It’s really easy to talk about marriage being forever, and it’s also really easy to condemn actions like having an affair. The harder part is the messier stuff of rebuilding and healing. That’s what this post is about. I would never have realized the extent to which all of this is so hard had I not been through it myself. I hope none of you ever have to learn the way I have. Until then, adultery seems pretty cut and dry to me. Only “bad guys” do that, right?

Two years ago, my life looked like the perfect Catholic vision. My husband and I have been married for 20 years. We have five children, so we obviously practice NFP. We sacrificed so our children can attend Catholic school while it was still available here, we attend mass every Sunday, we have always been very active in church. Our last pregnancy through both of us into a strange place. That, coupled with a very dead parish, overtime at work, stress and medical issues in our extended family, and we were both wearing very thin. Add to that some hormone problems and I knew, aggressively flirty girl at work and the perfect storm ensued. These are not excuses, mind you. These are just the facts. My husband is absolutely culpable for every bad decision, small and large, that he made. Both of us have been paying for those decisions and dealing with the consequences as discreetly as possible so to protect our children and not to disturb our extended families.

It also doesn’t help to have a bunch of people weigh in on whether or not someone has been punished enough or should stay together. It’s a decision between the two of us.

This post was supposed to be about the other woman’s current, and very recent, moves within our parish.
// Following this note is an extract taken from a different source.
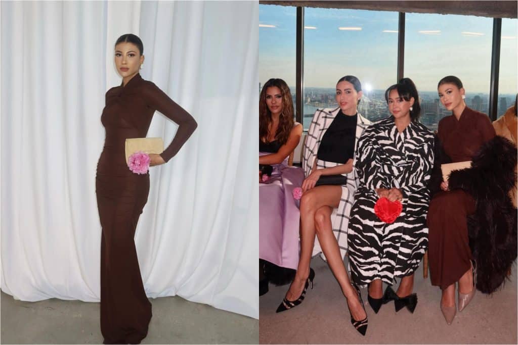 Saudi model and actress Jood Aziz was also in attendance at Tory Burch. She stunned in a printed, sheer, black and white gown, while opting for a belted black number at Carolina Herrera.
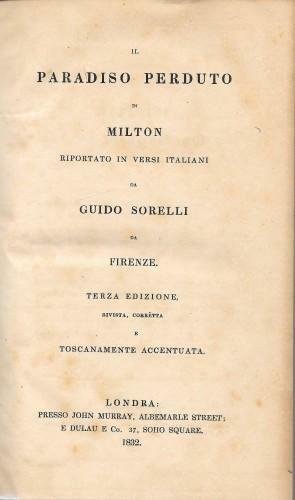 Il paradiso perduto di Milton riportato in versi italiani da Guido Sorelli da Firenze. Terza edizione, rivista, corretta e toscanamente accentuata

I was asking direction about how I should go about handling this current situation. As you know, our church structure is a little more complicated. Many priests have no real training in counseling. I know for sure ours doesn’t!

I never had any intention in outing her as some kind of whore or prostitute to the parish. But we are talking about people that I see as my friends and family, and have for years! If I disappear from the parish, they will be asking why. It will be a sacrifice for myself and my entire family to do so. I don’t intend to move parishes, if it can be helped. I suppose I wouldn’t rule it out.

I planned to be discreet if I did talk to anyone about this topic in the parish office. I jwondered if anyone else had any ideas. I’m sorry but I had to give back story at all. I’m sorry that some of your responses caused me to feel dismissed and I ended up in tears. You need to consider that people come to a message board for information and also for support. You can give that support even if you disagree with them. You can be compassionate. This is a religious forum, and I certainly expected less preaching and more compassion.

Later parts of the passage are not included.